I think it isn't. You may disagree. But the question cannot be avoided in any serious debate about the ethics of embryonic stem cell research.

Scientists hope these cells, which can develop into all sorts of tissue, can be used to create replacements for damaged body parts, repairing crippling injuries and curing a wide variety of debilitating and life-threatening illnesses. The thing is, they can't get the cells without destroying blastocysts.

If blastocysts are people, destroying them is murder, which cannot be justified by the possibility of medical breakthroughs. If blastocysts are not people, however, the moral imperative is to pursue research that has the potential to save or improve millions of lives.

Scientists are especially interested in blastocysts produced through nuclear transfer (a.k.a. cloning) because they offer the possibility of creating tissue that matches a patient's genes. Such matching would reduce the problem of immune system rejection, making it more likely that the transplant would work.

But the manner in which a blastocyst is produced, whether by fertilization or by cloning, is irrelevant in determining its moral status. Hence the advocates of a ban on research involving human cloning -- which the House of Representatives passed last year and the Senate is now considering -- are insisting on a distinction without a difference.

"Human 'therapeutic' or 'research' cloning is an experimental tool often confused with, but distinct from, embryonic stem cell research," writes Sen. Bill Frist (R-Tenn.), who opposes the former but supports the latter, in a recent [set ital]Washington Post[end ital] op-ed piece. Yet he never explains why the distinction is morally significant.

Frist is troubled by "the purposeful creation and destruction of human embryos in order to experiment on them." It's hard to see why creating embryos specifically for research is worse than using leftover embryos from fertility clinics; wherever they come from, the embryos are still destroyed.

In any case, Frist's objection applies to any stem cell research using embryos created for that purpose. Even if all forms of human cloning are banned, "the purposeful creation and destruction of human embryos" will still be legal.
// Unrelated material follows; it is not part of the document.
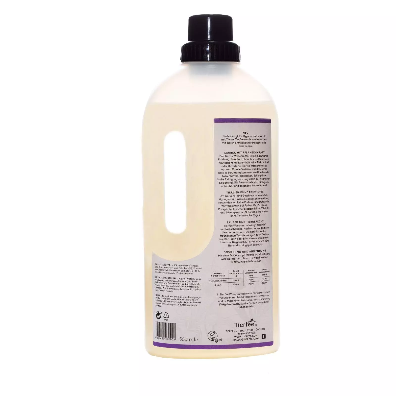 Tierfee ist zusätzlich zu den Inhaltsstoffen auch für Allergiker nach INCI und nach der Detergenzienverordnung auf dem Produkt ausgezeichnet.

Urging the Senate to approve the ban, President Bush likewise failed to give a satisfying reason for the focus on cloning. "Research cloning would contradict the most fundamental principle of medical ethics, that no human life should be exploited or extinguished for the benefit of another," he said.

The principle is important, but a lot hinges on how a "human life" is defined. Earlier in the speech, Bush described human cloning as "the laboratory production of [set ital]individuals[end ital] who are genetically identical to another human being" (emphasis added), which suggests that he does view a blastocyst as a person.

It's not surprising that Bush did not explicitly address that question, since he cited support for the cloning ban from "those who are pro-choice" as well as "those who are pro-life." But it would be an odd state of affairs if a scientist were prohibited from destroying a microscopic, unimplanted embryo in an attempt to cure Alzheimer's disease while a pregnant woman could legally kill a 3-month-old fetus for any reason at all.

Even stranger, Bush is not trying to protect all blastocysts -- only the cloned ones. And he proposes to save them by preventing them from being created in the first place.

Obscuring the issue even further, Bush suggested that "allowing cloning would be taking a significant step toward a society in which human beings are grown for spare body parts." Among other things, that would mean suspending the Constitution, returning to slavery, and abandoning principles accepted by every civilized person. It's not clear why cloning would make this nightmare scenario more likely.

"I am unable to find a compelling justification for allowing human cloning," writes Sen. Frist, revealing a bias against freedom that is all too common in Washington. Some of us are insisting on a compelling justification for closing off this tremendously promising avenue of research. Nobody has offered one yet.